[[ EXCERPTED RECORDS, beginning ]]
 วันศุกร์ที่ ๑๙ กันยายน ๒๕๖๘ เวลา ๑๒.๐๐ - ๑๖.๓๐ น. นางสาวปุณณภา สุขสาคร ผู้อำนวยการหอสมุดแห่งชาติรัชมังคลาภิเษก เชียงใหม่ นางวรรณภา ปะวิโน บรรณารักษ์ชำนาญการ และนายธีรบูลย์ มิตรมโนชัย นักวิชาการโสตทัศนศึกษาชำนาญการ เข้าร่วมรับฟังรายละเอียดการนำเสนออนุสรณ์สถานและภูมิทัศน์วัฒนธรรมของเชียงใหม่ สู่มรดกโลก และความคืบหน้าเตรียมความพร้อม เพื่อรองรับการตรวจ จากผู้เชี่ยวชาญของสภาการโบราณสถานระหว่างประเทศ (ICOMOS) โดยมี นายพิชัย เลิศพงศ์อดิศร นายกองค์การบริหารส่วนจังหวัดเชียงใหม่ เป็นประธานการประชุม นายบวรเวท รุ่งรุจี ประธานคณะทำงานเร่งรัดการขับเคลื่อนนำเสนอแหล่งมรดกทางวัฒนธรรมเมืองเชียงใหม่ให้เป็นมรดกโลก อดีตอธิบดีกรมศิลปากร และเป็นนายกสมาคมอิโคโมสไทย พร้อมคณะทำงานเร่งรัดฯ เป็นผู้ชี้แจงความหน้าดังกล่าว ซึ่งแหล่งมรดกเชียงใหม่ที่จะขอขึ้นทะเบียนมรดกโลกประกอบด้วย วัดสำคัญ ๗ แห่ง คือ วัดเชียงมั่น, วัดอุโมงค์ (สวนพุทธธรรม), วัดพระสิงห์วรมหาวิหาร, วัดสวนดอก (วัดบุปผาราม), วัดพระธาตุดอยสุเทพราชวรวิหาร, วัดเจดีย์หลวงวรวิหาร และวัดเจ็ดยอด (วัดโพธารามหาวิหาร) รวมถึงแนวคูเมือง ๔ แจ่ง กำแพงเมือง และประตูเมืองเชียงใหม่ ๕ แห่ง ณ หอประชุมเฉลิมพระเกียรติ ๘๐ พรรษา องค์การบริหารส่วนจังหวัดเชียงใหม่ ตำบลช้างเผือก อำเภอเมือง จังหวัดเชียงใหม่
[[ EXCERPTED RECORDS, end ]]
[[ EXCERPTED RECORDS, beginning ]]
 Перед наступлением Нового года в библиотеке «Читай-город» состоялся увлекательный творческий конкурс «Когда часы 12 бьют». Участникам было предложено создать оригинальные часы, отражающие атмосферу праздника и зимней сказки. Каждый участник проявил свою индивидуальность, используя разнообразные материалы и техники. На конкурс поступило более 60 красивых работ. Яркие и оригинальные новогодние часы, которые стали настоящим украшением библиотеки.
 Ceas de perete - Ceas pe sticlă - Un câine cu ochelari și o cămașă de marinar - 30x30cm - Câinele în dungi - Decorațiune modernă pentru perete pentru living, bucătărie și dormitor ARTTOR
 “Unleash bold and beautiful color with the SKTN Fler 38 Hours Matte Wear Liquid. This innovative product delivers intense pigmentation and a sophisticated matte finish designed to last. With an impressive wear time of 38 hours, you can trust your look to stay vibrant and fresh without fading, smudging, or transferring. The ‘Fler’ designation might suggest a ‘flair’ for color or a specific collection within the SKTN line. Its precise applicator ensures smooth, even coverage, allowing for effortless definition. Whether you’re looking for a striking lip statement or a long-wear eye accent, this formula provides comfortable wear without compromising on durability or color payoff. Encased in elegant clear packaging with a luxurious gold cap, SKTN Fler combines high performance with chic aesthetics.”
[[ EXCERPTED RECORDS, end ]]
[[ EXCERPTED RECORDS, beginning ]]
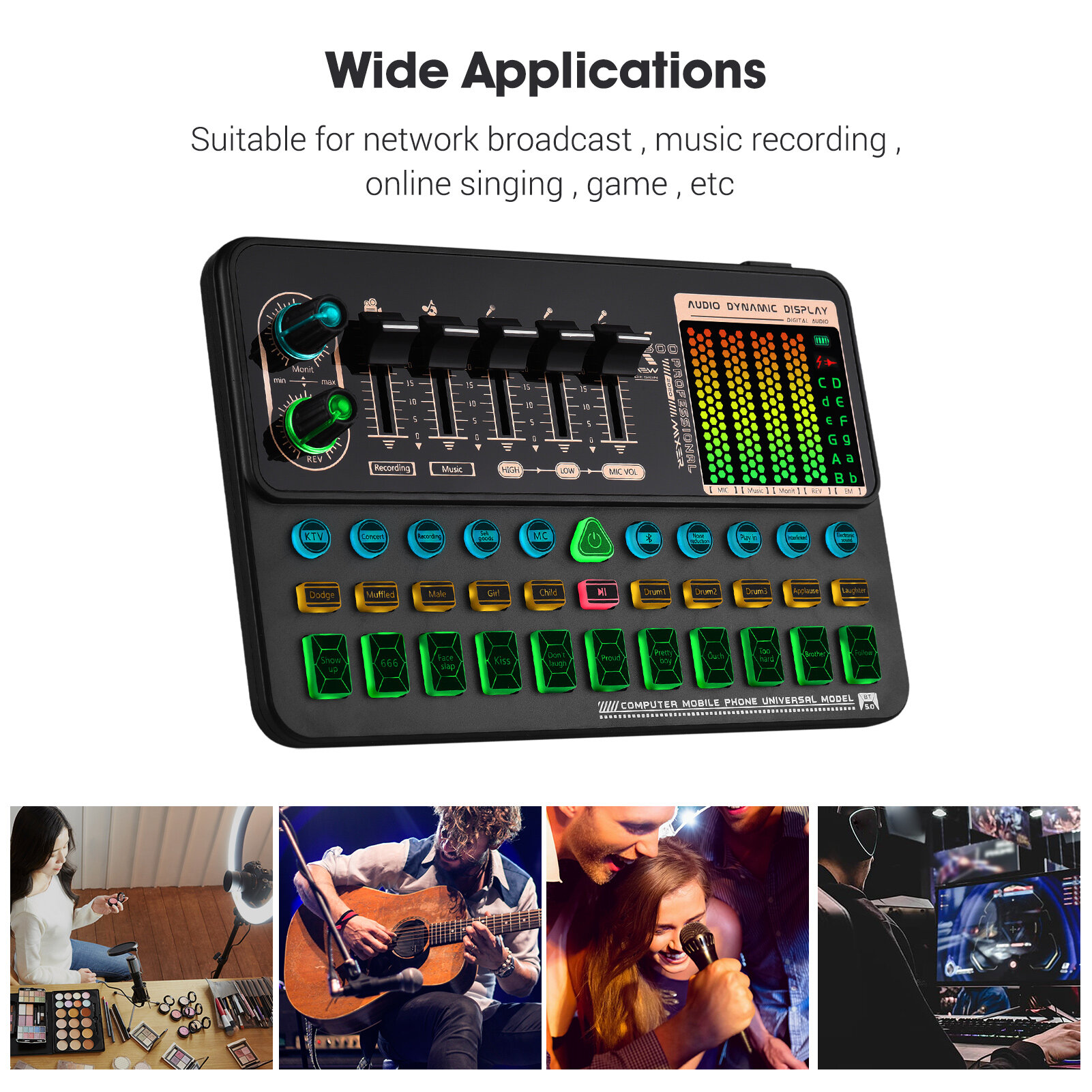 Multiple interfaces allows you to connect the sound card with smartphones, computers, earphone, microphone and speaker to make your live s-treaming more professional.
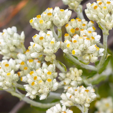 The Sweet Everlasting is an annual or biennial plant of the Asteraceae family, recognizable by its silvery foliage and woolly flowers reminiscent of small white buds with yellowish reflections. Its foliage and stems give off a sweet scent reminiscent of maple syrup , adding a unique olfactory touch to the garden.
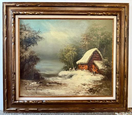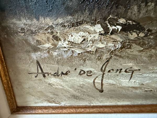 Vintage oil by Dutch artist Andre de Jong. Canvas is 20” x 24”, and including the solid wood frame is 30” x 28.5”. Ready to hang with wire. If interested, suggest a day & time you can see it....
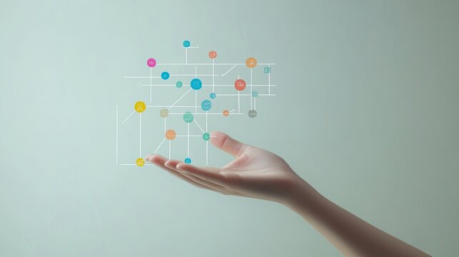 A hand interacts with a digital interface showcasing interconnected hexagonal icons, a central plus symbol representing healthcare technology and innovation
[[ EXCERPTED RECORDS, end ]]
TASK DESCRIPTION -
Where the data above reaches the line holding "Перед наступлением Нового", begin printing, and stop after the line holding "bold and beautiful". Each line must be reproduced exactly, with nothing else added.

REPLY TO THE EXERCISE -
 Перед наступлением Нового года в библиотеке «Читай-город» состоялся увлекательный творческий конкурс «Когда часы 12 бьют». Участникам было предложено создать оригинальные часы, отражающие атмосферу праздника и зимней сказки. Каждый участник проявил свою индивидуальность, используя разнообразные материалы и техники. На конкурс поступило более 60 красивых работ. Яркие и оригинальные новогодние часы, которые стали настоящим украшением библиотеки.
 Ceas de perete - Ceas pe sticlă - Un câine cu ochelari și o cămașă de marinar - 30x30cm - Câinele în dungi - Decorațiune modernă pentru perete pentru living, bucătărie și dormitor ARTTOR
 “Unleash bold and beautiful color with the SKTN Fler 38 Hours Matte Wear Liquid. This innovative product delivers intense pigmentation and a sophisticated matte finish designed to last. With an impressive wear time of 38 hours, you can trust your look to stay vibrant and fresh without fading, smudging, or transferring. The ‘Fler’ designation might suggest a ‘flair’ for color or a specific collection within the SKTN line. Its precise applicator ensures smooth, even coverage, allowing for effortless definition. Whether you’re looking for a striking lip statement or a long-wear eye accent, this formula provides comfortable wear without compromising on durability or color payoff. Encased in elegant clear packaging with a luxurious gold cap, SKTN Fler combines high performance with chic aesthetics.”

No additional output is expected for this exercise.